We waited for 20 min since so many people before us. We then were led to a table. The table settings were in Chinese style. The decoration was Neo Classic Chinese. But, something struck my eyes. I looked around. I was in minority part. Not many Asians in this place. I became hesitated. I wondered if Chef Chu's food was for non Asians. My interests was replaced by worries.

That's why

We saw the menu. I understood why so many non-Asians were here. The menu design was genius. You saw authentic dishes were mingled with American favorite Chinese dishes. The menu listing was segmented by Appetizer, Soup, Salad, Entree, Chef Special, and Dessert. How many times have you seen a Chinese restaurant with this type menu? Rare. Either you never or you have just seen it in five star hotels' Chinese theme restaurants. It appeared that non-Asians liked this menu settings. That's why so many non Asians in Chef Chu's.

Interesting.

We ordered three dishes. It was me to drive the ordering. I listened to Totof's suggestions and decided what would fit tonight's appetite. We tried some simple dishes. I knew if these simple dishes were tasty., Then this restaurant would be worth being visited twice.
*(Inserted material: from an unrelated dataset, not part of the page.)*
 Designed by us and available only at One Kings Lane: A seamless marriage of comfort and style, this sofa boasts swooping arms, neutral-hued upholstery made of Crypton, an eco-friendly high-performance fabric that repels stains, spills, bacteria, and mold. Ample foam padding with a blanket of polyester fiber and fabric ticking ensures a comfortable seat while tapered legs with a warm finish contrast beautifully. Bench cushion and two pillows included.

We ordered Sizzling Rice Soup with shrimp, Fresh Basil-garlic Chicken in a Clay Pot, and Taiwan-Style Chow Fun.

Sizzling rice soup was served tactically. Chef Chu's made the serving of this dish like a performance. The waiter poured the soup body at your table over sizzling rice crusts. Its sizzling sound attracted people's attention. It ingredients included snow peas, bamboo shoots, shrimp, and rice crusts. The soup was fresh. Not American at all. We liked it.
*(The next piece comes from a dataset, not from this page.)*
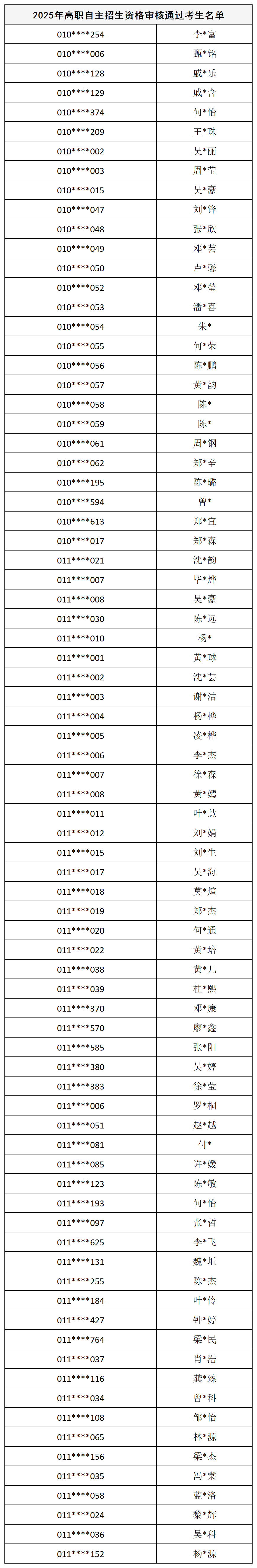 现将符合学校2025年高职自主招生报考资格的考生名单公布如下:

The serving way was western. They serve you dishes subsequently. They did not brought you the second dish until you almost finished the first one. Our next dish was fresh basil-garlic chicken in a clay pot. I read on the menu that Chef Chu spent some ages in Taiwan. This fresh basil-garlic chicken was authentic Taiwanese dish. So, I wanted to try it and wanted to know if Chef Chu's knew how to cook Taiwanese dishes. The main body of this dish was wok-seared marinated boneless chicken wings. The main body was braised with roasted whole garlic cloves and jalapeno chilies in a slightly-sweet rice wine and soy reduction sauce. Served topped with fragrant basil leaves in a clay pot. The waiter brought this dish and warned us this was hot. The basil looked healthy and smelled just like basil I had in Taiwan. The presentation was Taiwanese style. I took a piece of chicken. Delicious. Nice, Chef Chu's has good Taiwanese food.
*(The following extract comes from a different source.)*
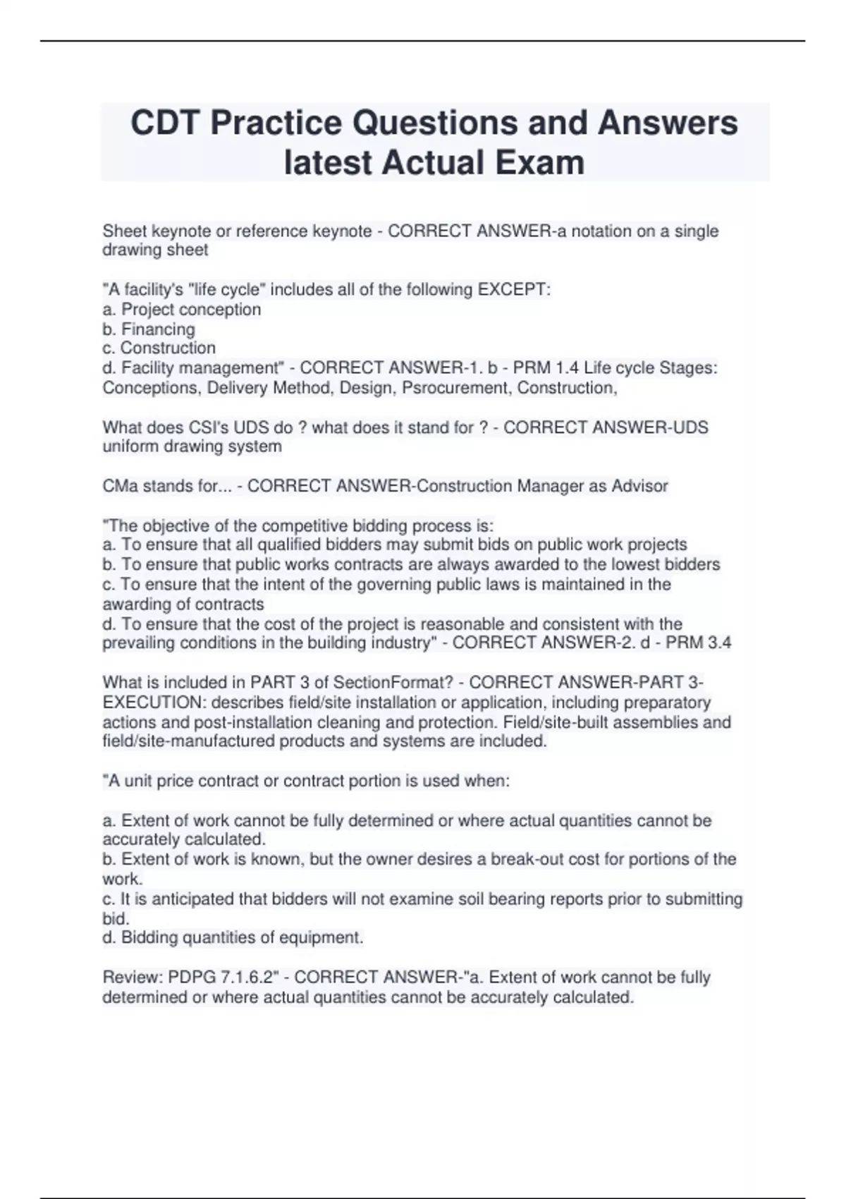 CDT Practice Questions and Answers latest Actual Exam Sheet keynote or reference keynote - CORRECT ANSWER-a notation on a single drawing sheet "A facility's "life cycle" includes all of the following EXCEPT: a. Project conception b. Financing c. Construction d. Facility management" - CORRECT ANSWER-1. b - PRM 1.4 Life cycle Stages: Conceptions, Delivery Method, Design, Psrocurement, Construction, What does CSI's UDS do ? what does it stand for ? - CORRECT ANSWER-UDS uniform drawing system CMa stands for... - CORRECT ANSWER-Construction Manager as Advisor "The objective of the competitive bidding process is: a. To ensure that all qualified bidders may submit bids on public work projects b. To ensure that public works contracts are always awarded to the lowest bidders c. To ensure that the intent of the governing public laws is maintained in the awarding of contracts d. To ensure that the cost of the project is reasonable and consistent with the prevailing conditions in the building industry" - CORRECT ANSWER-2. d - PRM 3.4 What is included in PART 3 of SectionFormat? - CORRECT ANSWER-PART 3- EXECUTION: describes field/site installation or application, including preparatory actions and post-installation cleaning and protection. Field/site-built assemblies and field/site-manufactured products and systems are included. "A unit price contract or contract portion is used when: a. Extent of work cannot be fully determined or where actual quantities cannot be accurately calculated. b. Extent of work is known, but the owner desires a break-out cost for portions of the work. c. It is anticipated that bidders will not examine soil bearing reports prior to submitting bid. d. Bidding quantities of equipment. Review: PDPG 7.1.6.2" - CORRECT ANSWER-"a. Extent of work cannot be fully determined or where actual quantities cannot be accurately calculated. Use of unit prices, allowances and alternates should always be limited to those items required for accurate bidding, in order to keep bidding documents and processes as simple as possible." "The contractual relationship governed by the Conditions of the Contract is between: a. Owner and contractor b. Architect/engineer and contractor c. Owner and Subcontractors d. Owner, contractor, and architect/engineer Review: PDPG 5.5 and 11.3.9" - CORRECT ANSWER-"a. Owner and contractor The owner and the contractor are the parties to the construction contract, hence they are subject to the Conditions of the Contract. Yes, the duties of the architect are described in the Conditions of the Contract, but they are governed by the separate Owner/Architect or Owner/Engineer Agreement." How long does a contractor required to execute corrections in the Work after Substantial Completion? - CORRECT ANSWER-one year "Which of the following would be included in Available Information? a. Bid security requirements b. Environmental Impact Statement c. Time of completion to construct the project d. Description of the Work Review: PDPG 11.4.5" - CORRECT ANSWER-"b. Environmental Impact Statement Available Information is the place to provide reference information such as this that doesn't belong in the contract. Bid security info? In the Instructions for Procurement. Time of Completion? It's contractual - where would you put it? Description of Work? Name the Division 01 section where that belongs." "Instructions for Procurement: a. Are used only on private projects b. Frequently are standard industry forms c. May include the geotechnical report as an attachment d. Are binding upon the Contractor Review: PDPG 11.4.4 " - CORRECT ANSWER-"b. Frequently are standard industry form

Taiwan-style chow fun was served in the middle of our second dish. I craved for good Taiwanese food these days. So I ordered two Taiwanese dishes at one dinner. The first one did not fail me. So I was highly expected for the second one. The chow fun has vermicelli rice noodles, julienned pork, cabbage, mushrooms, carrots & shallots. The noodles were cooked with pan-fried style. The dish was filled with aroma of shallots. The vegetables and pork slices were all over the plate. The color of Chef Chu's chow fun was right. You know, if you did not know how to make chow fun, you would either put too little sauce or too much sauce. So far Chef Chu's knew how to handle Taiwanese food.

Good. We were glad we found a good Taiwanese place not far away from our places.